Au delà d’hier, il y a aujourd’hui.

Tellement de “raisons” pourraient vous faire écarter cette proposition…Le thème, l’heure, la durée… et pourtant, vous y trouverez de quoi alimenter en vous un petit peu d’humanité en plus. Au-delà du thème, du «devoir» de mémoire, des acteurs qui sont magnifiques, il y a dans cette pièce des mots essentiels qui font résonnance de nous.

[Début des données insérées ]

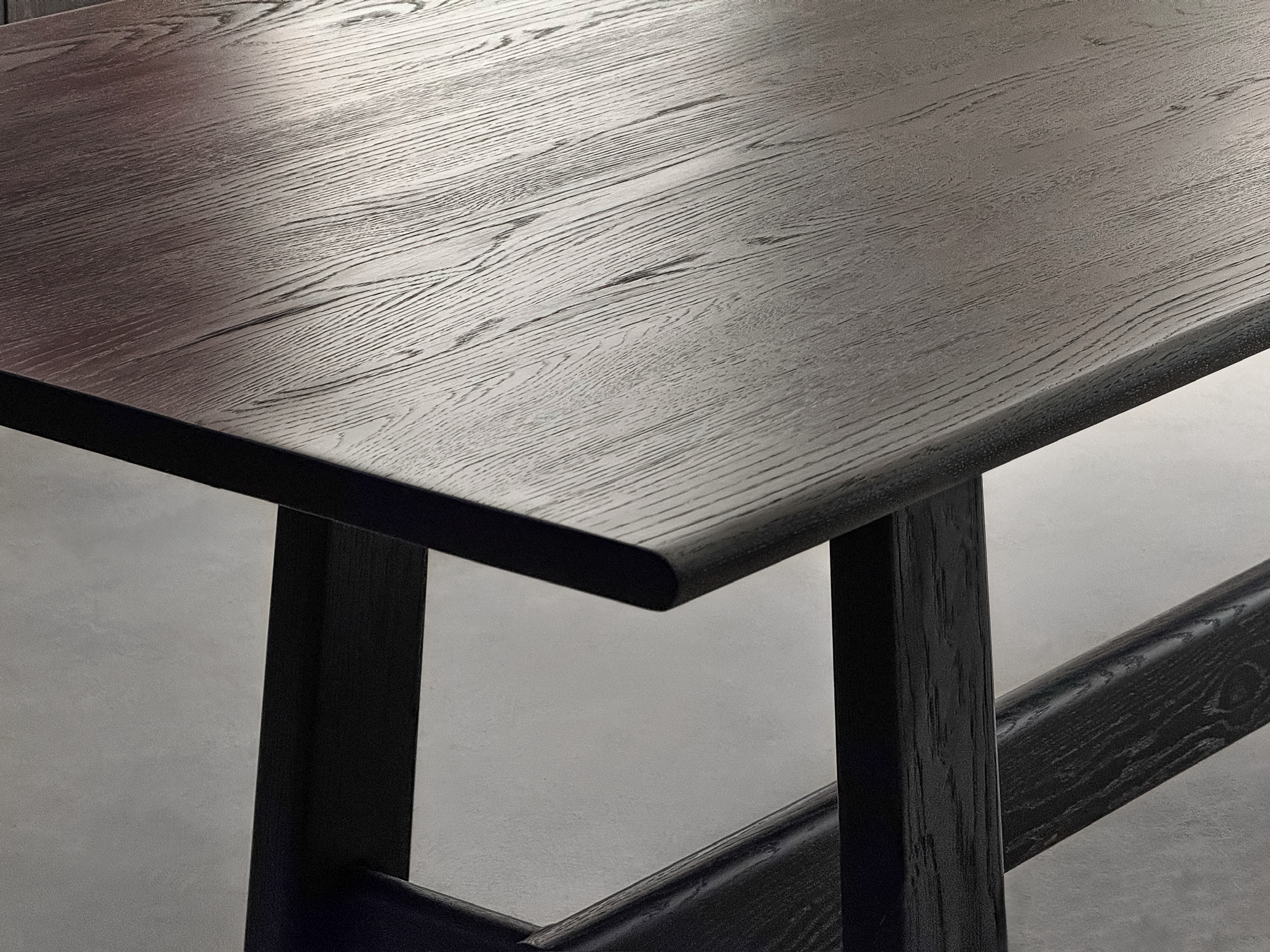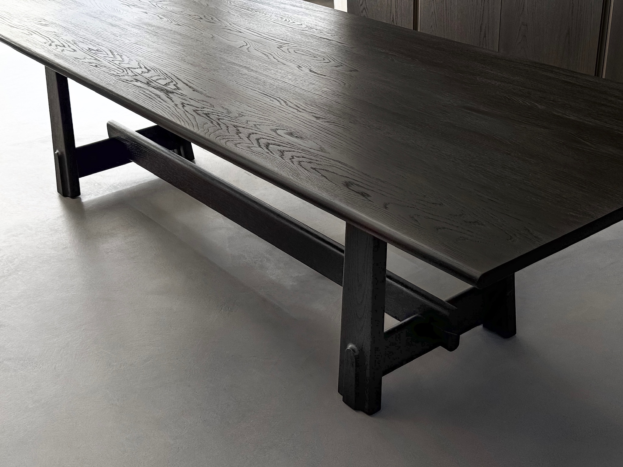 The Odette table combines architectural simplicity with refined craftsmanship. Inspired by the form of Eastern temple gates, it features a solid construction made of solid wood and hand-finished details. Trapezoidal legs and decorative beams create a harmonious blend of tradition and modernity, giving the table a unique and timeless character.

Ce n’est pas du sujet annoncé (la persécution homosexuelle par les nazis) dont je souhaite vous parler, mais de l’aspect «universel» des relations humaines qui traverse le propos, jusqu’à toucher, sans faux semblants, la question de l’intime dans les dernières scènes. Quitte à «choquer», je «gommerais» ici la question de sexualité ou de genre ; c’est le meilleur que peut nous offrir ce texte pour que ce qui a été vécu ne l’ai pas été pour rien.  Que ce que nous avons appris de l’horreur serve, même juste un peu  aujourd’hui, tout en ne nous « enfermant » pas dans hier. Le personnage de Max porte ce qui pourrait nous ressembler, que l’ont soit homme ou femme, homosexuel ou hétérosexuel. A condition bien sûr que l’on soit humain, un tant soit peu intéressé par de l’autre, voir même sexuel, sans nécessité de préfixe.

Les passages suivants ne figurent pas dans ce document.